───── Data extracts

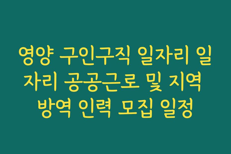 2026년 최신 정보, 영양 구인구직 일자리 일자리 공공근로 및 지역 방역 인력 모집 일정에 대한 명확한 가이드를 제공합니다. 많은 분들이 일자리 구하기에 어려움을 겪고 있죠. 이 글 하나로 여러분의 고민을 해결해 드릴게요.
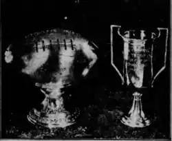 By November 17, 1924, the Defiance Bulldogs led the league with a 7–0 record, second was Shamrock, and third was South Side.[8] A possible deciding game on c. Dec. 1 between Defiance and South Side was called at 12–12 in total darkness. The teams protested the game and the arbitration board (George N. Boggs, Ben Greenstein (former president), and Joseph D. M'Laughlin) declared that the game would not count, due to errors in the officiating.[9] By week 12 the Defiance Bulldogs (10–1) and South Side-Eden Snappers (10–2) were tied for 1st due to the standings running on points rather than win-loss percentage.[10] A protest-play-off game was scheduled for January 3 between Defiance and South Side.[11][12] The game was postponed due to the field being covered in snow.[13] A meeting was held between the league officials a few days later.[14] The Snappers won a game against Defiance on c. March 29 in front of 1,200 fans, making another game necessary to decide the league champions.[15] Eventually the Shamrock A.C. were in position to play in the league championship and won against Defiance, 25 to 6.[16] The Shamrock A.C. were awarded two championship trophies, one provided by Bottomley and Company, and the other by Norman I. Harris Jewelers.[17]
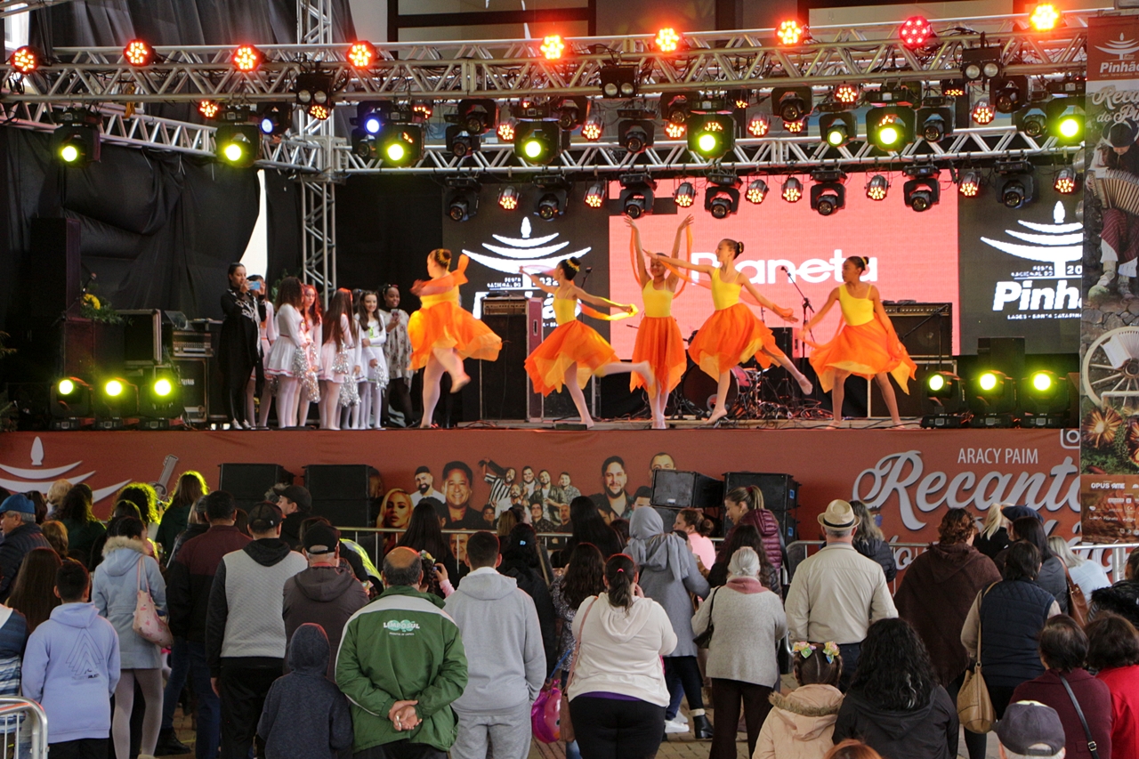 Apresentação de dança dos alunos da Escola de Artes Elionir Camargo Martins, da Prefeitura de Lages, encanta público do Recanto do Pinhão Aracy Paim
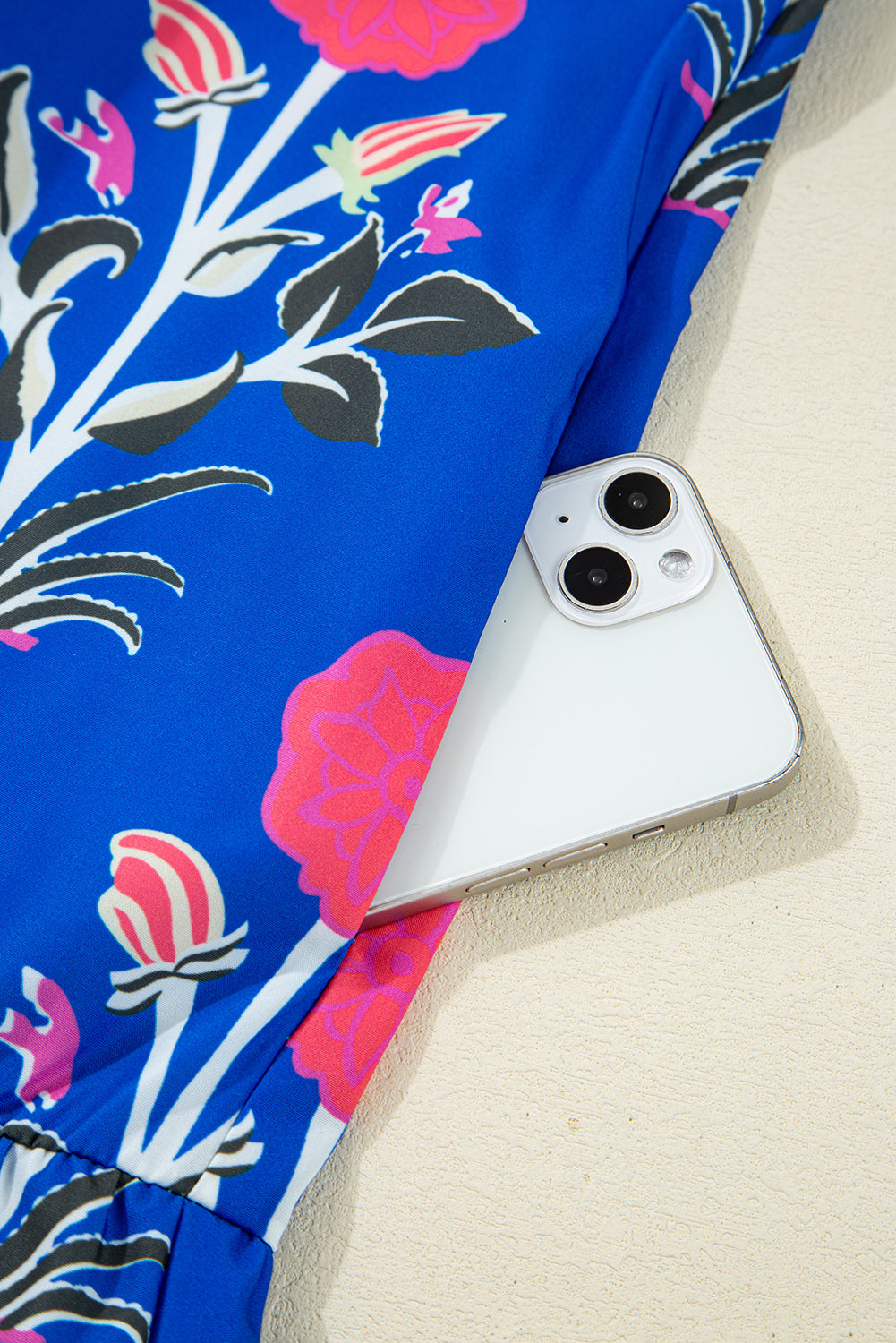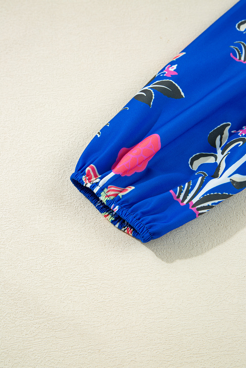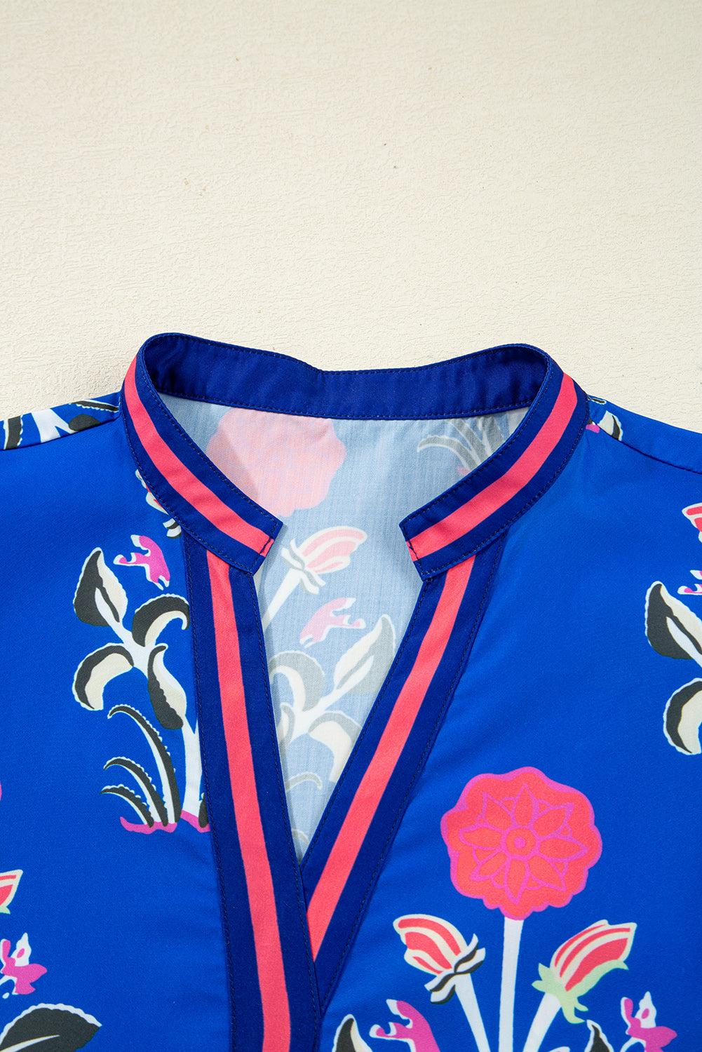 This sky blue dress features an elegant floral print accented by a chic striped trim, creating a modern contrast design. The notched neckline adds a refined touch of sophistication and uniqueness. Designed with long sleeves, it offers versatility for transitional seasons. Lightweight and comfortable, this dress effortlessly suits both casual and dressy occasions, making it a practical yet stylish addition to your wardrobe.
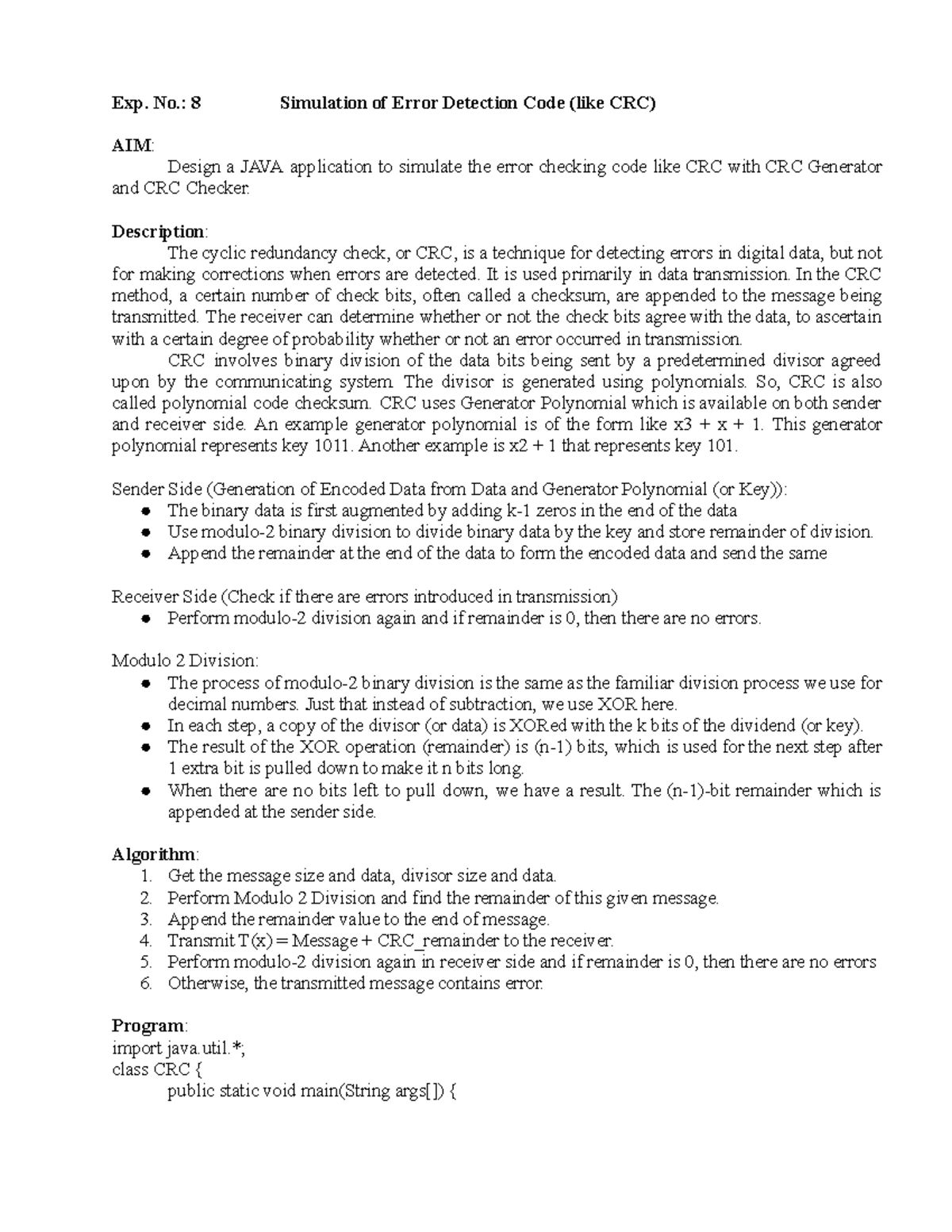 8. JAVA Simulation of Error Detection Code (CRC) Method - Studocu
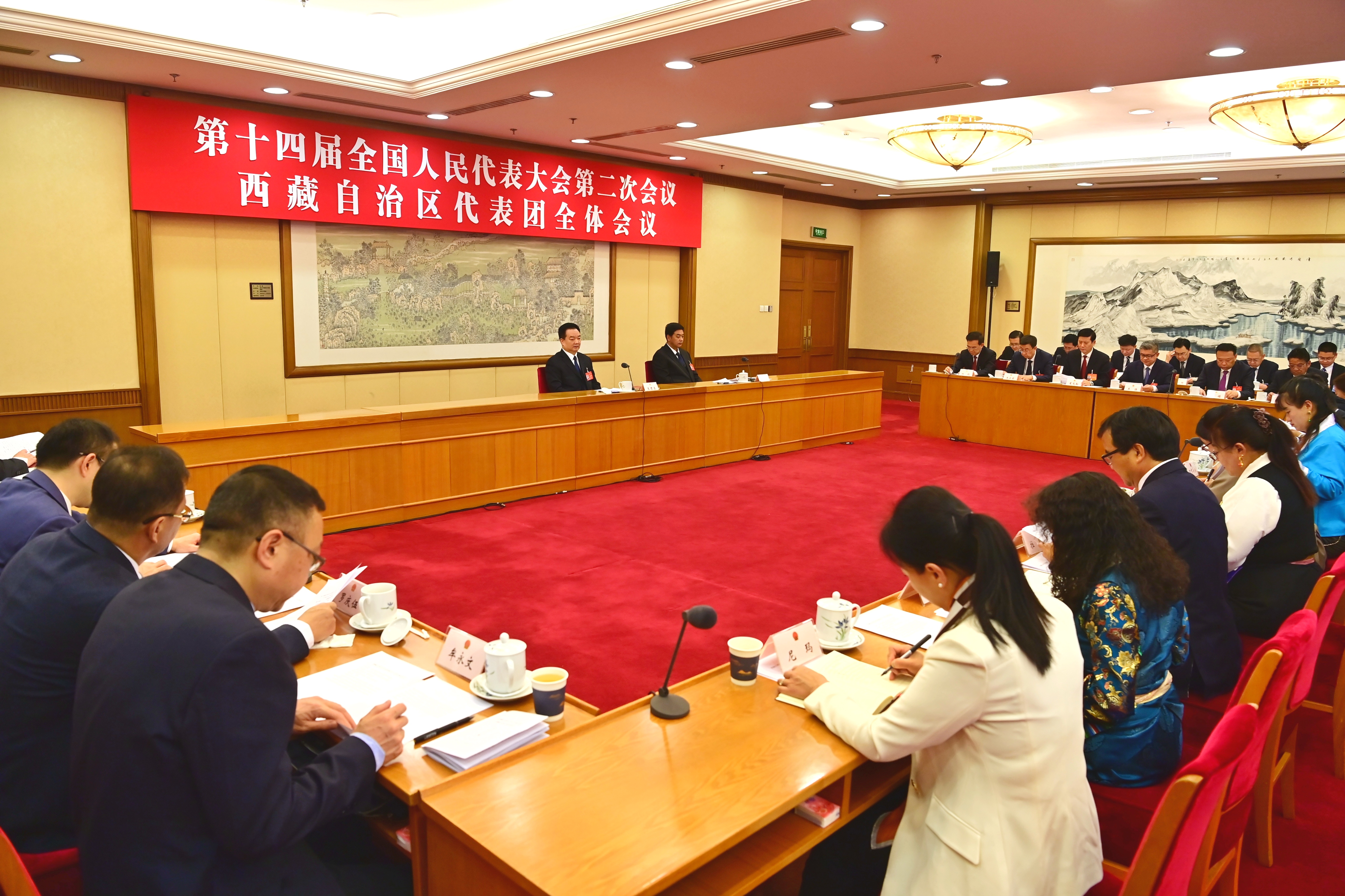 西藏代表團(tuán)團(tuán)長(zhǎng)、自治區(qū)黨委書(shū)記王君正,西藏代表團(tuán)副團(tuán)長(zhǎng)、自治區(qū)主席嚴(yán)金海參加。
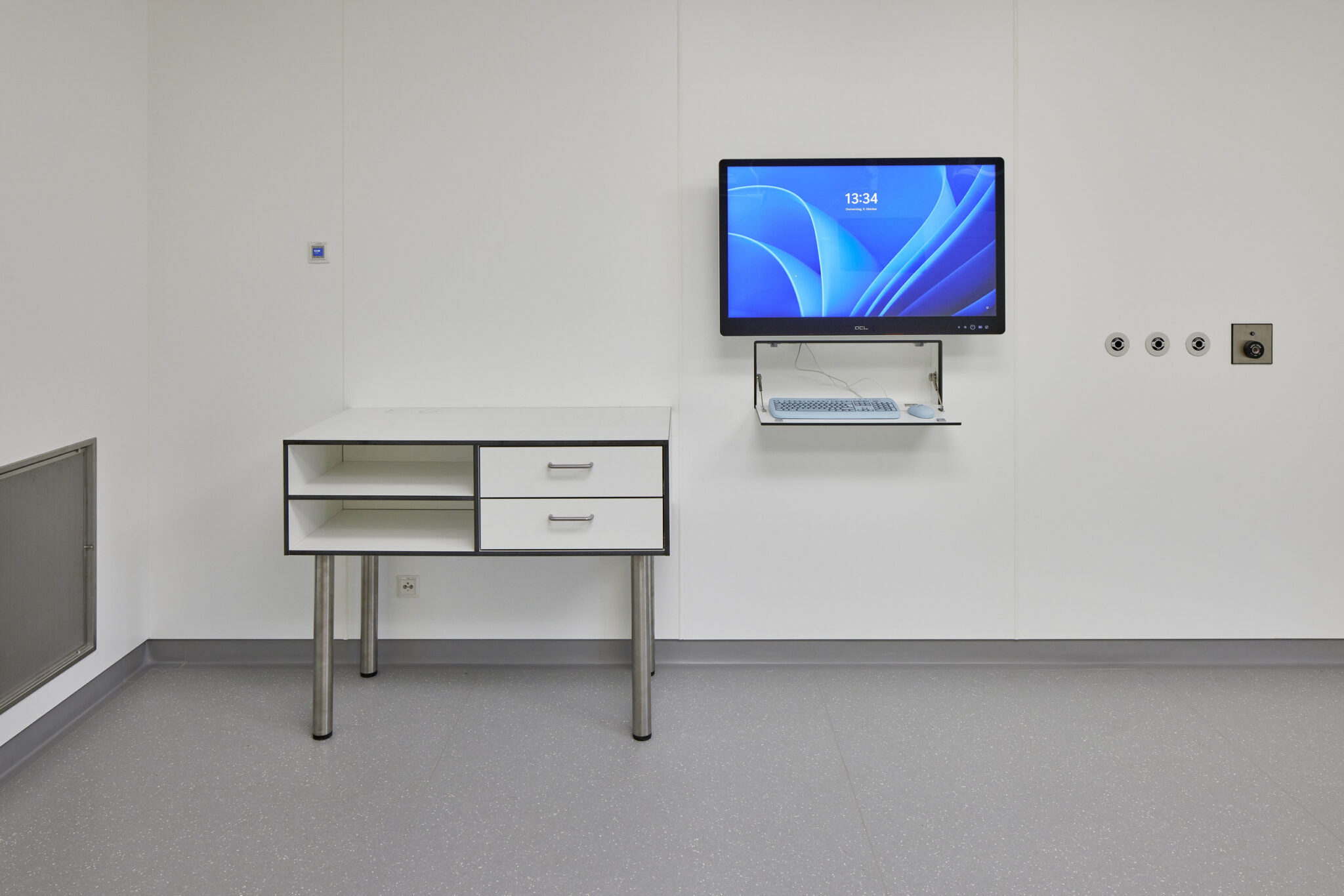 Der Dokumentationsplatz bietet eine in die Wand integrierte Tastatur.

──────────

Exercise requirements: Where a line contains "8. JAVA Simulation", begin there and transcribe every line through the last one of the records above, exactly and with no pictures.

Solution to this exercise:
 8. JAVA Simulation of Error Detection Code (CRC) Method - Studocu
 西藏代表團(tuán)團(tuán)長(zhǎng)、自治區(qū)黨委書(shū)記王君正,西藏代表團(tuán)副團(tuán)長(zhǎng)、自治區(qū)主席嚴(yán)金海參加。
 Der Dokumentationsplatz bietet eine in die Wand integrierte Tastatur.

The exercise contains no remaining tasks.